MSN/Hotmail Closing the Barn Doors
While Microsoft should be applauded for actions that protect their subscribers' mailboxes, this strikes me as a case of closing the barn doors after the horses ran off. Microsoft wasted earlier opportunities to act, thus allowing the problem to escalate to a considerable magnitude. Remember, the Spamhaus Project reported MSN/Hotmail ignored all their efforts to report dictionary attacks, even ones lasting over five months.
Dictionary attacks can be detected and averted. Microsoft's failure to implement these measures allowed spammers to harvest thousands--if not hundreds of thousands--of email addresses. Microsoft could have invested in technical staff to harden their servers against spam. By failing to do so they are now confronted with an enormous spam problem and are forced to pay for a much more expensive legal staff to pursue these lawsuits.
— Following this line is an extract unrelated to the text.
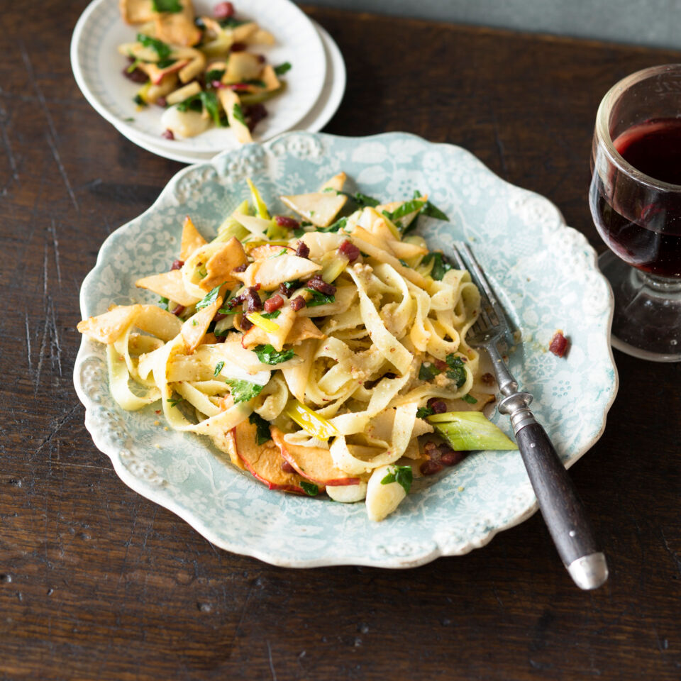 Zum Servieren das Apfel-Nuss-Pesto mit frisch gekochten Nudeln (z. B. Tagliatelle) mischen, dabei evtl. etwas Kochwasser untermischen. Die Pestonudeln mit Salz und Pfeffer abschmecken, auf Teller verteilen und die Selleriemischung darauf anrichten.

In a recent essay, Microsoft called for new laws to prohibit address harvesting, for which they should be commended. Nonetheless, they will have to argue these lawsuits in terms of existing law, such as the trespassing claims of the Computer Fraud and Abuse Act of 1986. Hopefully they will prevail.
In the meantime, Microsoft, how about hiring a few engineers to instrument your mail servers to detect and avert future dictionary attacks?